* The task: In your reply, repeat every entry exactly and skip over each picture.

* Data for processing:
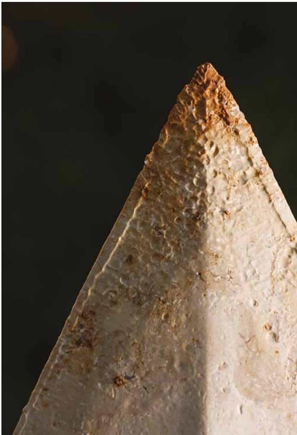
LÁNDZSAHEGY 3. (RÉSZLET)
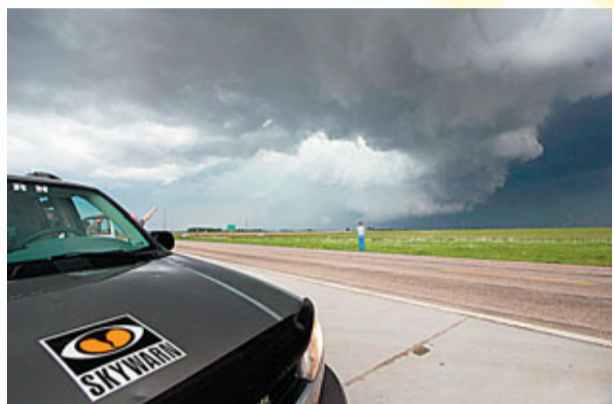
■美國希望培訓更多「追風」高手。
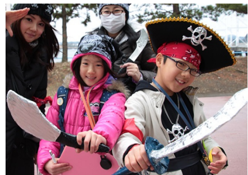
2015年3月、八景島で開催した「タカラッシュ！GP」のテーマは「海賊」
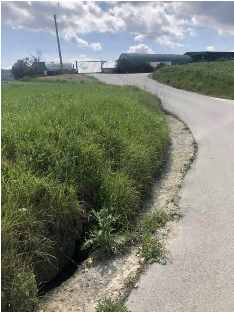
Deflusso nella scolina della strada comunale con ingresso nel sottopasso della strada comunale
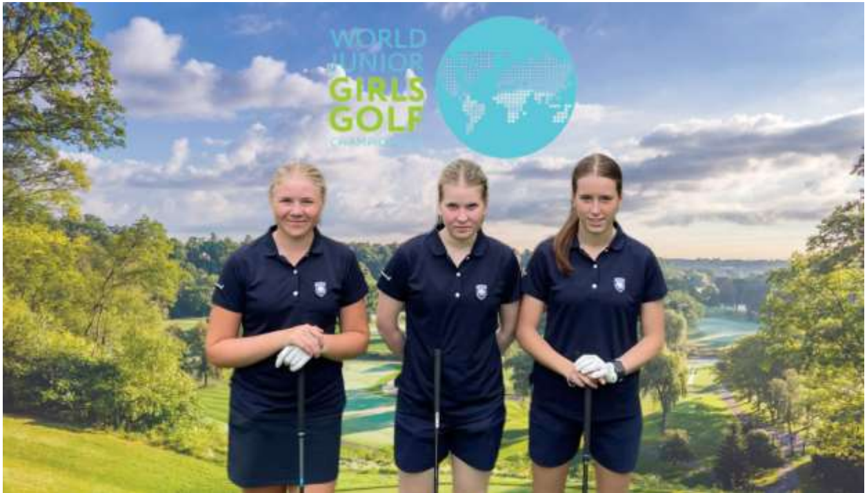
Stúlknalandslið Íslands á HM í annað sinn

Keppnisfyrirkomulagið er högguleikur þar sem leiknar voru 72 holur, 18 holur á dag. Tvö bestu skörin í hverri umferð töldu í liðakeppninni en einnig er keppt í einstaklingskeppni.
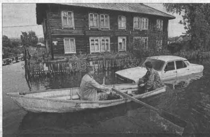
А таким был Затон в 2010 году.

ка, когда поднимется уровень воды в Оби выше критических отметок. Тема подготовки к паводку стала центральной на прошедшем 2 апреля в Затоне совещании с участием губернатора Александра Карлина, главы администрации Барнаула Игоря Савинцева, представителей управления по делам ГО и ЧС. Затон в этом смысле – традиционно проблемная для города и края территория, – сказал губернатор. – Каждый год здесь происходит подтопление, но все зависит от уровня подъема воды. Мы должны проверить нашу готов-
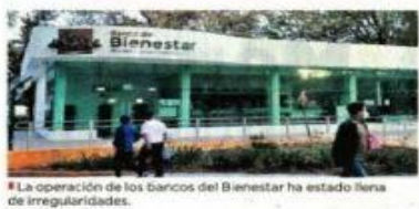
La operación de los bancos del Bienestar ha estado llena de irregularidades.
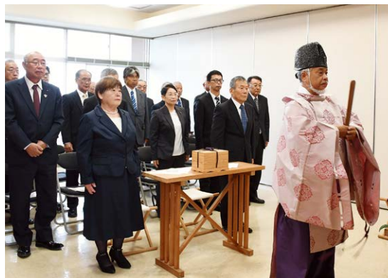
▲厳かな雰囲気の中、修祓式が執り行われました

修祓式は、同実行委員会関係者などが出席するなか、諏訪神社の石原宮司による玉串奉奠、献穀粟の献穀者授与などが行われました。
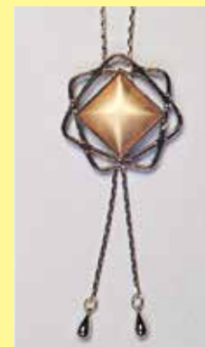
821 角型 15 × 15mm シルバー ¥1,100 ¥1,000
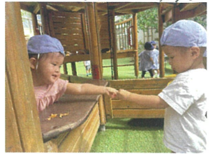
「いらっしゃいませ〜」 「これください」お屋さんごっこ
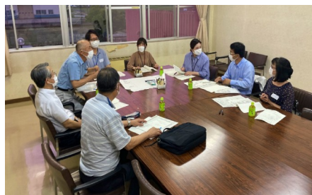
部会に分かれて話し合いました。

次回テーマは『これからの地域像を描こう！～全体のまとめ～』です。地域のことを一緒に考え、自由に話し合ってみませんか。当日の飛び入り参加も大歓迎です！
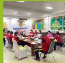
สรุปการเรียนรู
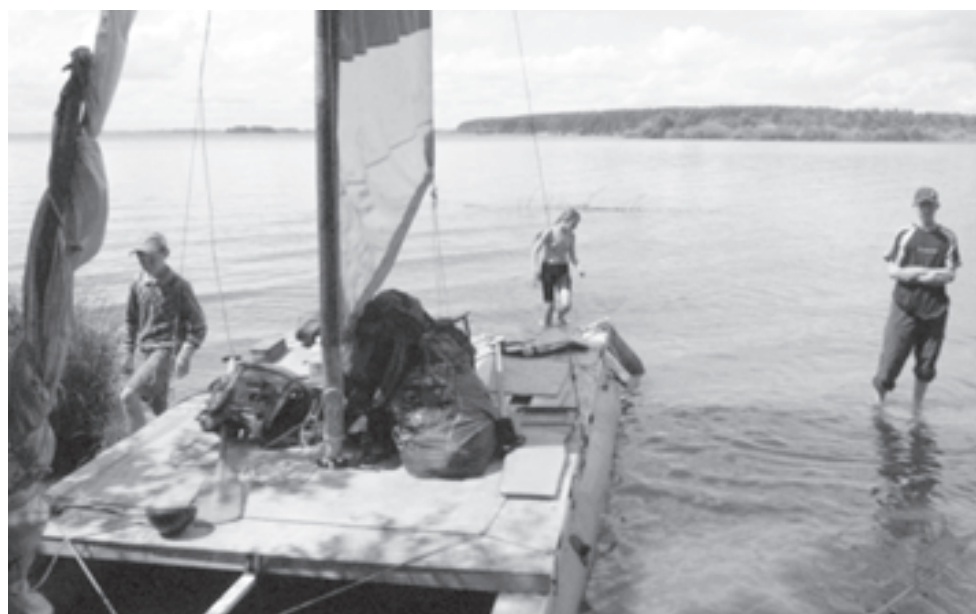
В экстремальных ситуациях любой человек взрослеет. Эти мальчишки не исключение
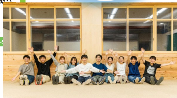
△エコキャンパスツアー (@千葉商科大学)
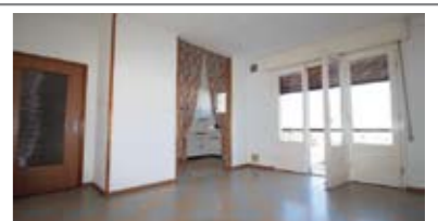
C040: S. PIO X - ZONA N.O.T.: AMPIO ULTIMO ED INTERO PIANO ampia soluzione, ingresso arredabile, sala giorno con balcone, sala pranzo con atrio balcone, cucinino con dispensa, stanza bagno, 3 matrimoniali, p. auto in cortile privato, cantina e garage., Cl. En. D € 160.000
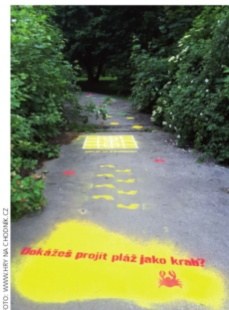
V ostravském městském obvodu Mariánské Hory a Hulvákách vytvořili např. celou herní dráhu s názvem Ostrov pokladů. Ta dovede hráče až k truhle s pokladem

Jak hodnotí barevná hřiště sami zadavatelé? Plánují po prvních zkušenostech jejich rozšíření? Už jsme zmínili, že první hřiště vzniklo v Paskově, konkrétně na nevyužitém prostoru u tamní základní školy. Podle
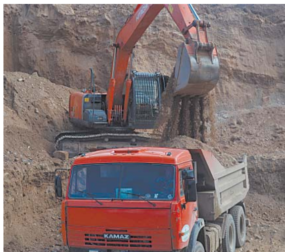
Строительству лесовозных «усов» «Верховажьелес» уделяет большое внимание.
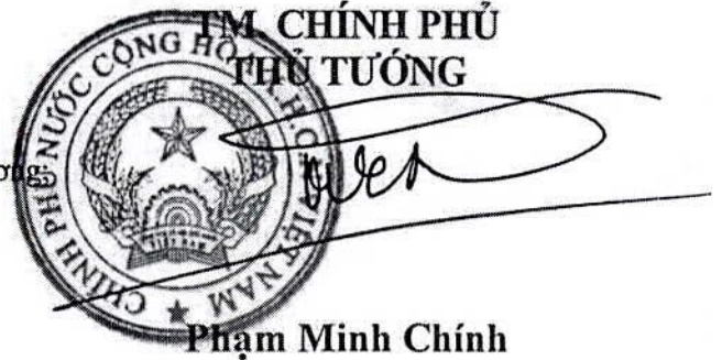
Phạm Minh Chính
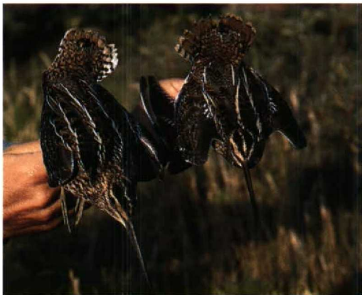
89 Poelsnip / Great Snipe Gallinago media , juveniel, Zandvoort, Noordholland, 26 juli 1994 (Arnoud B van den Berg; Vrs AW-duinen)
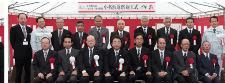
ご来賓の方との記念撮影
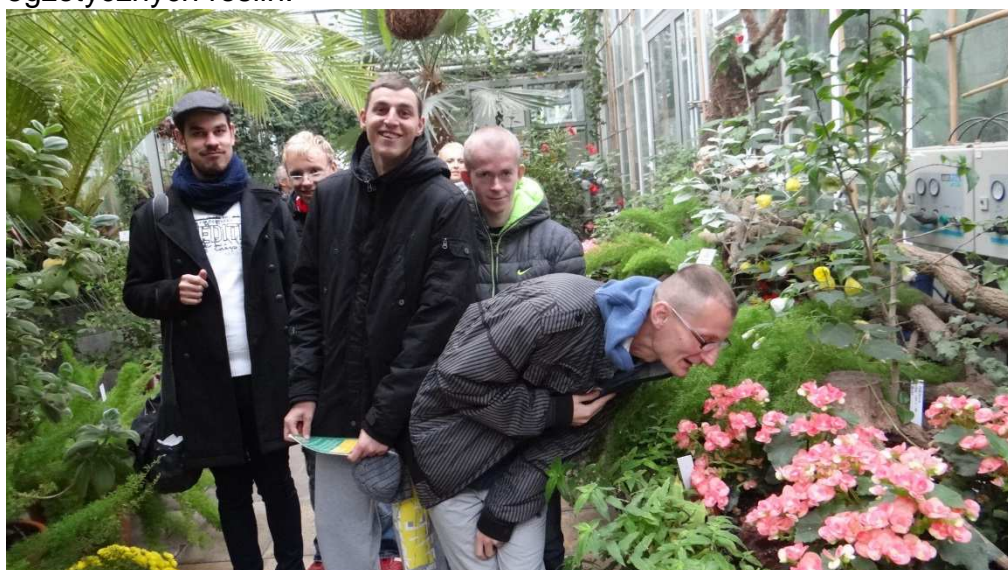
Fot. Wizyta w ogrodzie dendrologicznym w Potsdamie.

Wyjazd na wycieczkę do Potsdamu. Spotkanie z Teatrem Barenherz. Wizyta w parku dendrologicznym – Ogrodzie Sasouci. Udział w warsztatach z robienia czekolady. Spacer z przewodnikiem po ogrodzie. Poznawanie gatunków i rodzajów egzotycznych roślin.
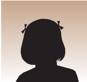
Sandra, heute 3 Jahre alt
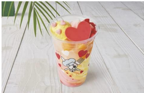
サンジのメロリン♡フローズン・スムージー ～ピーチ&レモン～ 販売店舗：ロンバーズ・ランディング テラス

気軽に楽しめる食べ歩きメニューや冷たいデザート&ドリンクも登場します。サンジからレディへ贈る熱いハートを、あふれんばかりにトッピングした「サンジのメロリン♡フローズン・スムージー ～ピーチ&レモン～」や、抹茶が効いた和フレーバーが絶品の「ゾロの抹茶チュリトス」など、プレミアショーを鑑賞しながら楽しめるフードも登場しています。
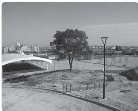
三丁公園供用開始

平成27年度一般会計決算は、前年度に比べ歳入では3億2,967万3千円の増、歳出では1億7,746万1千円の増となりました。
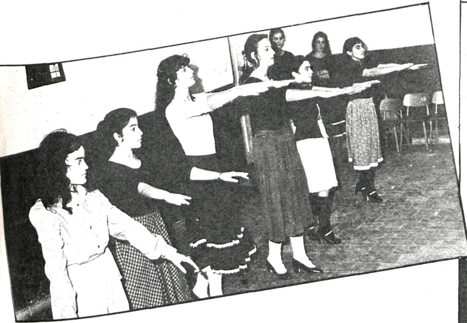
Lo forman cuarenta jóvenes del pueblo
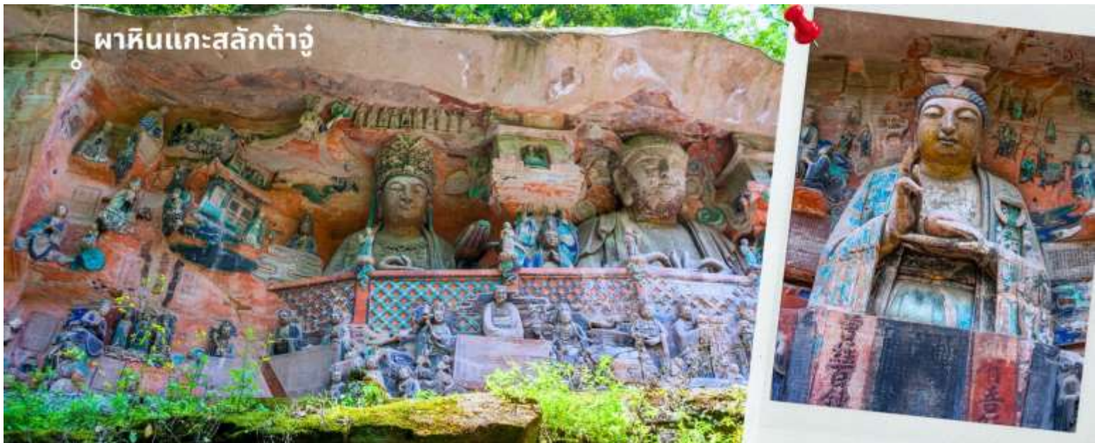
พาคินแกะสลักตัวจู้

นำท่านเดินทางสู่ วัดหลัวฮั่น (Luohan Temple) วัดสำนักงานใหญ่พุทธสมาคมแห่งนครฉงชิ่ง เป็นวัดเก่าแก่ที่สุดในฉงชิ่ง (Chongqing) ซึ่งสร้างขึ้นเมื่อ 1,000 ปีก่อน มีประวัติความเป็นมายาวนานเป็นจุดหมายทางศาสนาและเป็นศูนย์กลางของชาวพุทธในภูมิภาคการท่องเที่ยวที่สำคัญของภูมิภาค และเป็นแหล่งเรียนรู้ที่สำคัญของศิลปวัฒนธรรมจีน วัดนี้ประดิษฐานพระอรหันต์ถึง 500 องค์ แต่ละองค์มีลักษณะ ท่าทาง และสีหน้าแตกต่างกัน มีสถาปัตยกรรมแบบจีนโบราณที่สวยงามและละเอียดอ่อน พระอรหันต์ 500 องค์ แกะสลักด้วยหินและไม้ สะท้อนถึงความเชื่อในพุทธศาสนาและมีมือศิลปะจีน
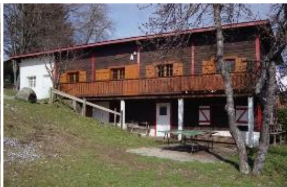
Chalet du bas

* Solution below:
LÁNDZSAHEGY 3. (RÉSZLET)
■美國希望培訓更多「追風」高手。
2015年3月、八景島で開催した「タカラッシュ！GP」のテーマは「海賊」
Deflusso nella scolina della strada comunale con ingresso nel sottopasso della strada comunale
Stúlknalandslið Íslands á HM í annað sinn

Keppnisfyrirkomulagið er högguleikur þar sem leiknar voru 72 holur, 18 holur á dag. Tvö bestu skörin í hverri umferð töldu í liðakeppninni en einnig er keppt í einstaklingskeppni.
А таким был Затон в 2010 году.

ка, когда поднимется уровень воды в Оби выше критических отметок. Тема подготовки к паводку стала центральной на прошедшем 2 апреля в Затоне совещании с участием губернатора Александра Карлина, главы администрации Барнаула Игоря Савинцева, представителей управления по делам ГО и ЧС. Затон в этом смысле – традиционно проблемная для города и края территория, – сказал губернатор. – Каждый год здесь происходит подтопление, но все зависит от уровня подъема воды. Мы должны проверить нашу готов-
La operación de los bancos del Bienestar ha estado llena de irregularidades.
▲厳かな雰囲気の中、修祓式が執り行われました

修祓式は、同実行委員会関係者などが出席するなか、諏訪神社の石原宮司による玉串奉奠、献穀粟の献穀者授与などが行われました。
821 角型 15 × 15mm シルバー ¥1,100 ¥1,000
「いらっしゃいませ〜」 「これください」お屋さんごっこ
部会に分かれて話し合いました。

次回テーマは『これからの地域像を描こう！～全体のまとめ～』です。地域のことを一緒に考え、自由に話し合ってみませんか。当日の飛び入り参加も大歓迎です！
สรุปการเรียนรู
В экстремальных ситуациях любой человек взрослеет. Эти мальчишки не исключение
△エコキャンパスツアー (@千葉商科大学)
C040: S. PIO X - ZONA N.O.T.: AMPIO ULTIMO ED INTERO PIANO ampia soluzione, ingresso arredabile, sala giorno con balcone, sala pranzo con atrio balcone, cucinino con dispensa, stanza bagno, 3 matrimoniali, p. auto in cortile privato, cantina e garage., Cl. En. D € 160.000
V ostravském městském obvodu Mariánské Hory a Hulvákách vytvořili např. celou herní dráhu s názvem Ostrov pokladů. Ta dovede hráče až k truhle s pokladem

Jak hodnotí barevná hřiště sami zadavatelé? Plánují po prvních zkušenostech jejich rozšíření? Už jsme zmínili, že první hřiště vzniklo v Paskově, konkrétně na nevyužitém prostoru u tamní základní školy. Podle
Строительству лесовозных «усов» «Верховажьелес» уделяет большое внимание.
Phạm Minh Chính
89 Poelsnip / Great Snipe Gallinago media , juveniel, Zandvoort, Noordholland, 26 juli 1994 (Arnoud B van den Berg; Vrs AW-duinen)
ご来賓の方との記念撮影
Fot. Wizyta w ogrodzie dendrologicznym w Potsdamie.

Wyjazd na wycieczkę do Potsdamu. Spotkanie z Teatrem Barenherz. Wizyta w parku dendrologicznym – Ogrodzie Sasouci. Udział w warsztatach z robienia czekolady. Spacer z przewodnikiem po ogrodzie. Poznawanie gatunków i rodzajów egzotycznych roślin.
Sandra, heute 3 Jahre alt
サンジのメロリン♡フローズン・スムージー ～ピーチ&レモン～ 販売店舗：ロンバーズ・ランディング テラス

気軽に楽しめる食べ歩きメニューや冷たいデザート&ドリンクも登場します。サンジからレディへ贈る熱いハートを、あふれんばかりにトッピングした「サンジのメロリン♡フローズン・スムージー ～ピーチ&レモン～」や、抹茶が効いた和フレーバーが絶品の「ゾロの抹茶チュリトス」など、プレミアショーを鑑賞しながら楽しめるフードも登場しています。
三丁公園供用開始

平成27年度一般会計決算は、前年度に比べ歳入では3億2,967万3千円の増、歳出では1億7,746万1千円の増となりました。
Lo forman cuarenta jóvenes del pueblo
พาคินแกะสลักตัวจู้

นำท่านเดินทางสู่ วัดหลัวฮั่น (Luohan Temple) วัดสำนักงานใหญ่พุทธสมาคมแห่งนครฉงชิ่ง เป็นวัดเก่าแก่ที่สุดในฉงชิ่ง (Chongqing) ซึ่งสร้างขึ้นเมื่อ 1,000 ปีก่อน มีประวัติความเป็นมายาวนานเป็นจุดหมายทางศาสนาและเป็นศูนย์กลางของชาวพุทธในภูมิภาคการท่องเที่ยวที่สำคัญของภูมิภาค และเป็นแหล่งเรียนรู้ที่สำคัญของศิลปวัฒนธรรมจีน วัดนี้ประดิษฐานพระอรหันต์ถึง 500 องค์ แต่ละองค์มีลักษณะ ท่าทาง และสีหน้าแตกต่างกัน มีสถาปัตยกรรมแบบจีนโบราณที่สวยงามและละเอียดอ่อน พระอรหันต์ 500 องค์ แกะสลักด้วยหินและไม้ สะท้อนถึงความเชื่อในพุทธศาสนาและมีมือศิลปะจีน
Chalet du bas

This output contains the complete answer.